(Beginning of RECORD EXCERPTS)

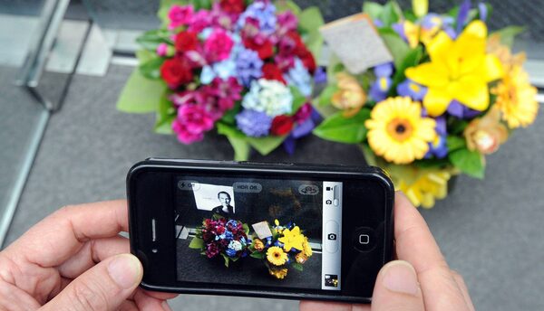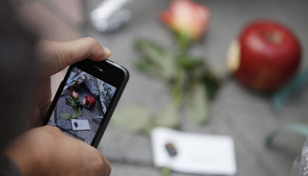 A passerby uses an iPhone 4 to photograph flowers left for the late Steve Jobs, co-founder of Apple, outside the Apple store in Sydney, Australia on October 6, 2011.Torsten Blackwood/AFP/Getty Images
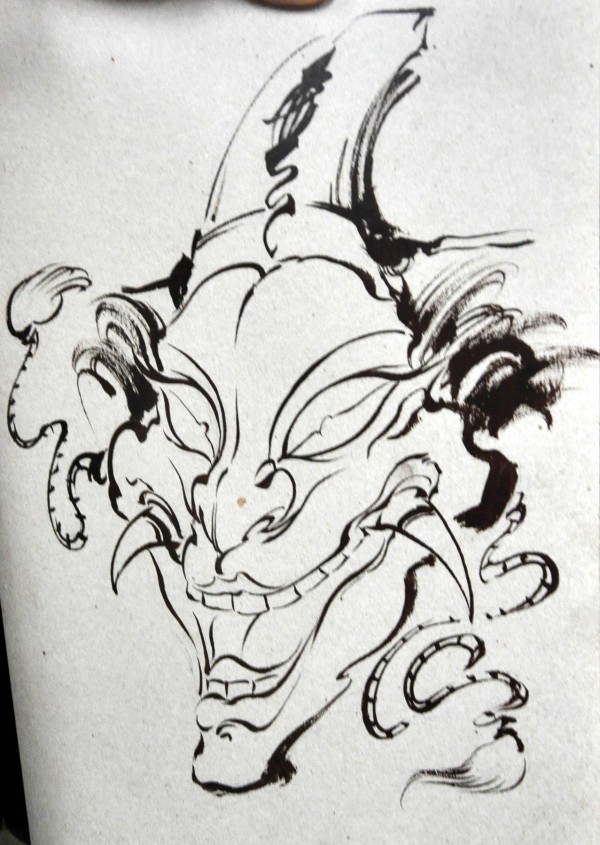 龙纹身手稿_一组老传统黑灰龙手稿纹身图案
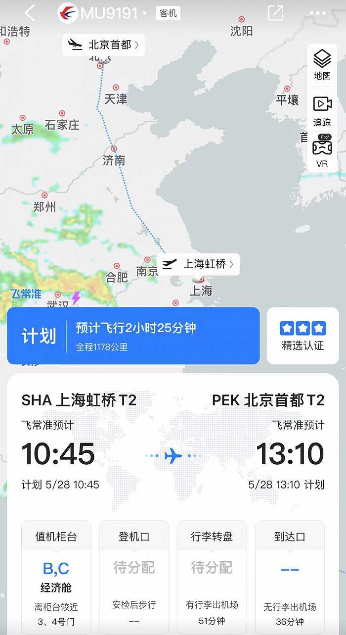 据飞常准APP,东航首架C919客机(B-919A)的首个商业航班飞行计划公布,将于5月28日起飞,班次为MU9191上海虹桥-北京首都,MU9192北京首都-上海虹桥,计划飞行时长2小时25分钟。
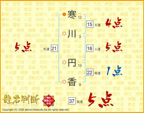 寒(12画)川(3画) 円(13画)香(9画)
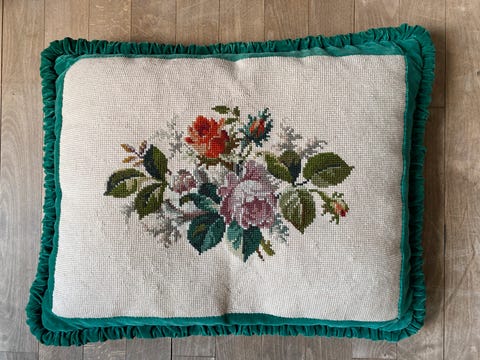 Broderet pude med fløjl
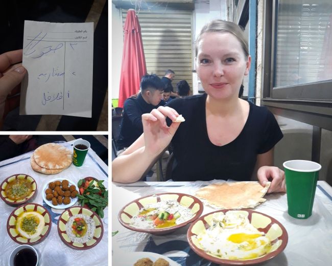 Żeby zjeść prawdziwy jordański posiłek, koniecznie trzeba się wybrać do restauracji Hashem. To legendarne miejsce, znane zarówno wśród turystów, jak i miejscowych, gdzie serwowane są przekąski w stylu bliskowschodnim, między innymi falafele, hummus, mutabal czy baba ghanusz. Podobno nawet sam król Jordanii wraz z rodziną czasami pojawia się w tym miejscu. Restauracja nie robi piorunującego wrażenia, wręcz przeciwnie, a nazywanie tego miejsca restauracją to za dużo powiedziane. Szczerze przyznam, że sama z siebie bym tam nigdy nie weszła i ominęła szerokim łukiem, gdybym nie przeczytała tyle świetnych rekomendacji na jego temat. To nieco ponure i obskurne miejsce, z przezroczystą folią zamiast porządnej ceraty i bez posługiwania się sztućcami. Jednak potrawy tam serwowane rekompensują wszelkie niedogodności i łagodzą negatywne wrażenie – nigdzie nie jadłam lepszych falafeli i hummusu, a na samą myśl cieknie mi ślinka 🙂
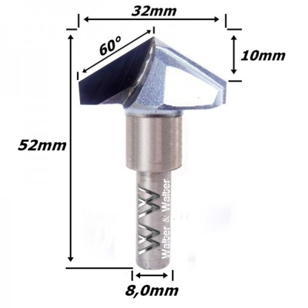Produto: Fresa V Bit Ø32mm (120°) X 10mm Corte X 52mm Total X 8,0mm Haste. (Ftr3283)
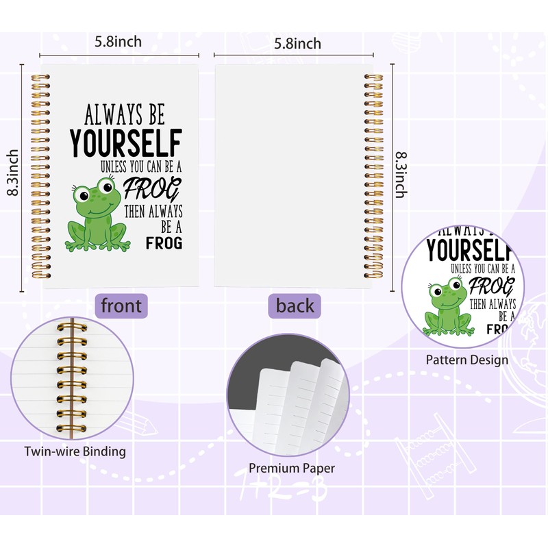 Welshower Funny Frog Inspirational Spiral Notebook Journal, Gifts for Frog Lovers Notebook, Always Be Yourself Motivational Positive Affirmation Journal, 5.5x8.3 Inch

(End of RECORD EXCERPTS)

_TASK INSTRUCTIONS_
Starting with the line that contains "Żeby zjeść prawdziwy", print every line through the end of the data exactly as written; omit all pictures and add nothing else.

_ANSWER SPACE_
 Żeby zjeść prawdziwy jordański posiłek, koniecznie trzeba się wybrać do restauracji Hashem. To legendarne miejsce, znane zarówno wśród turystów, jak i miejscowych, gdzie serwowane są przekąski w stylu bliskowschodnim, między innymi falafele, hummus, mutabal czy baba ghanusz. Podobno nawet sam król Jordanii wraz z rodziną czasami pojawia się w tym miejscu. Restauracja nie robi piorunującego wrażenia, wręcz przeciwnie, a nazywanie tego miejsca restauracją to za dużo powiedziane. Szczerze przyznam, że sama z siebie bym tam nigdy nie weszła i ominęła szerokim łukiem, gdybym nie przeczytała tyle świetnych rekomendacji na jego temat. To nieco ponure i obskurne miejsce, z przezroczystą folią zamiast porządnej ceraty i bez posługiwania się sztućcami. Jednak potrawy tam serwowane rekompensują wszelkie niedogodności i łagodzą negatywne wrażenie – nigdzie nie jadłam lepszych falafeli i hummusu, a na samą myśl cieknie mi ślinka 🙂
Produto: Fresa V Bit Ø32mm (120°) X 10mm Corte X 52mm Total X 8,0mm Haste. (Ftr3283)
 Welshower Funny Frog Inspirational Spiral Notebook Journal, Gifts for Frog Lovers Notebook, Always Be Yourself Motivational Positive Affirmation Journal, 5.5x8.3 Inch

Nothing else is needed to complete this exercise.